When the chance came to travel West and witness the birthplace of British hillclimbing celebrate its 110-year history, I was sure get my hand up first.
I'd heard much about Shelsley Walsh near Worcester and the art of threading a car across uphill-countryside at silly speeds, but I'd yet to see it done.
For those who don't know, the Shelsley course runs for 914m, gaining 100m elevation over that distance and shrinking to as narrow as 3.66m towards the top of the run. The current course record stands at 22.58 seconds set by Martin Groves back in 2008, which means little written here, without first seeing a monstrously modded Mitsubishi Evo manage 'just' early 30secs.
More specifically, I was attending the August Championship Challenge, an event that has run annually since 12 August 1905, and one that on 16 August 2015 was hosting around 120 entries forming one of the most eclectic paddocks I've ever seen.

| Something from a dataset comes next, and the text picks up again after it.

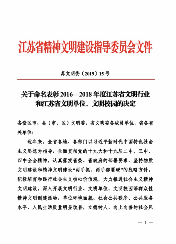近日,江苏省精神文明建设指导委员会下发了《关于命名表彰2016—2018 年度江苏省文明行业和江苏省文明单位、文明校园的决定》,我院名列其中,荣获“江苏省文明校园”称号。这是我院继获得“2013-2015年度江苏省文明校园”、“2015-2017年度徐州市文明校园”、“创建全国文明城市工作先进集体”后文明创建工作获得的又一殊荣,标志着我院文明创建工作迈上了新的台阶。这是全院师生员工共同努力的结晶,是我院精神文明创建活动的丰硕成果。 近年来,学院高度重视文明校园创建工作,坚持以社会主义核心价值观为引领,落实立德树人根本任务,积极培育和践行社会主义核心价值观,把文明校园创建与教育教学工作统筹推进,使校园精神文明创建迈上了一个新的台阶。我院的申报工作得到学院党委高度重视,专门成立了文明校园创建工作领导小组,积极组织,广泛动员,明确分工,落实责任。在各系部处室协同联动和全体师生的共同努力下,认真对照文明校园创建“六个好”标准,抬高标杆,提升质量,扎实开展创建工作。 “江苏省文明校园”这一殊荣既是对我院长期重视精神文明建设工作的高度认可,也是对我院继续开拓奋进的激励,鼓舞广大师生员工以更加饱满的精神状态投入到学习和工作中,必将推动学院各项事业进一步发展。新时期,学院将继续以习近平新时代中国特色社会主义思想为指引,持续深化文明校园建设工作,弘扬主旋律,引领新风尚,为加快学院教育事业高质量发展提供重要保障和巨大动力,为加快建设“强富美高”新江苏作出新的贡献。不忘初心,砥砺前行。 (供稿:党委宣传部) |

To give you an idea, ahead of me sat a row of 600bhp+ formula cars, to the left a collection of cigar racers - featuring a snake-hipped gent with a superb 'tache wriggling into a Cooper with a Chevy V8 as his headrest - and to the right an Audi Quattro S1, Porsche 911 GT3 Cup and various race-prepared Elans.
Within these various categories, the day would decide a range of different championships, including the MSA British Hillclimb, MSA British Leaders and Midland Hillclimbing Championships. But first things first, a quick chin-wag with Matt Nicoll-Jones, founder and owner of Academy Motorsport.
Matt set up the company in 2005, but today, he's just signed off on the firm's third Aston Martin Vantage GT4, and runs the Academy race team which currently competes in the British GT and hopes to compete in Le Mans 24hr in the near future. Even more immediately, he'd just driven one of his GT4s up Shelsley, and he had a big smile on his face.
"We ran it on wets today, which was fun! On slicks, we'd have managed a time in the high twenties, but today was more about playing for the crowd and it would have been a little twitchy. To have been given the chance to drive here was brilliant. Shelsley is very special. I really admire those guys who were setting low 20-second runs," he said.
And what does a man who runs a race team drive day-to-day? Well, after watching a 15-plate Audi S8 put in a silly time given its size and weight, Matt looked nonplussed. "I'm not surprised in a way. I drive a V10 RS6 Avant. It's been hiked to around 700bhp. I think we managed to get 3.8sec to 60mph out of it."